--- Given information ---
━━━━━━━━━━━━━━━━━━━━━━━━━━━━━━
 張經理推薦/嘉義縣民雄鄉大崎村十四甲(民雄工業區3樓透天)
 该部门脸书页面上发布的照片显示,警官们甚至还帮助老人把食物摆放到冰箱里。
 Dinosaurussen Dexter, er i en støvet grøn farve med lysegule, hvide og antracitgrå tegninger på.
━━━━━━━━━━━━━━━━━━━━━━━━━━━━━━
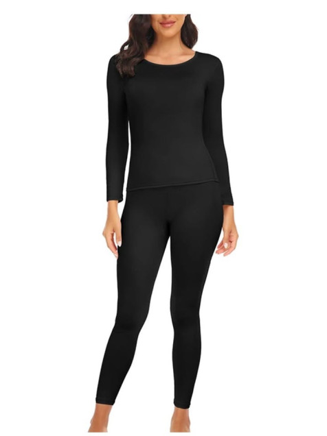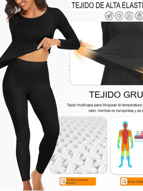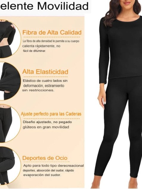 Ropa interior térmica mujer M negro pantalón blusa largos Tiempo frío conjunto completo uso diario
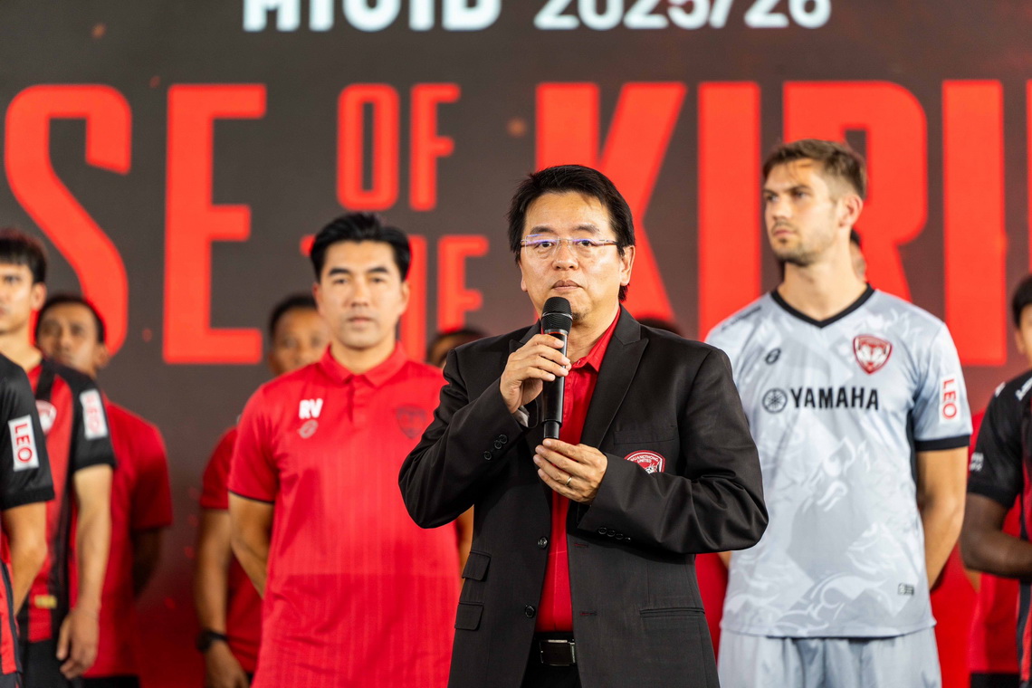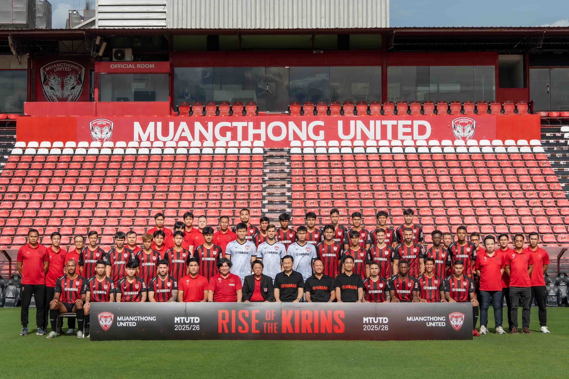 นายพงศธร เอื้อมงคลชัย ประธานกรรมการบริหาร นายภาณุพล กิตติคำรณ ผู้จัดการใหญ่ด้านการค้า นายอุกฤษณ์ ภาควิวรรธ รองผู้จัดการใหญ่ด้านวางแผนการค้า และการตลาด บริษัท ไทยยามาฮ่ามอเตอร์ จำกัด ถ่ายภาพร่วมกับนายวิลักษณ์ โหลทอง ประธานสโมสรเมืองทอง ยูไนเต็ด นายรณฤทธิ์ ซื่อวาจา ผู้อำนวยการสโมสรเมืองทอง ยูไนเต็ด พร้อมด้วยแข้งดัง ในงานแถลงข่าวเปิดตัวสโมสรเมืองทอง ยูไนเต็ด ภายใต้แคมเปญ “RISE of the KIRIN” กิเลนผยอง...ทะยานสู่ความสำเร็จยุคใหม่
━━━━━━━━━━━━━━━━━━━━━━━━━━━━━━
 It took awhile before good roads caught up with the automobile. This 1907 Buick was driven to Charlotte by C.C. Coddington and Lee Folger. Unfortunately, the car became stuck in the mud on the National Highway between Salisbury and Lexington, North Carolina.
━━━━━━━━━━━━━━━━━━━━━━━━━━━━━━
Using the data above, transcribe the lines that run from the line with "張經理推薦/嘉義縣民雄鄉大崎村十四甲(民雄工業區3樓透天)" to the line with "Dinosaurussen Dexter, er", both ends kept, and output nothing else.

 張經理推薦/嘉義縣民雄鄉大崎村十四甲(民雄工業區3樓透天)
 该部门脸书页面上发布的照片显示,警官们甚至还帮助老人把食物摆放到冰箱里。
 Dinosaurussen Dexter, er i en støvet grøn farve med lysegule, hvide og antracitgrå tegninger på.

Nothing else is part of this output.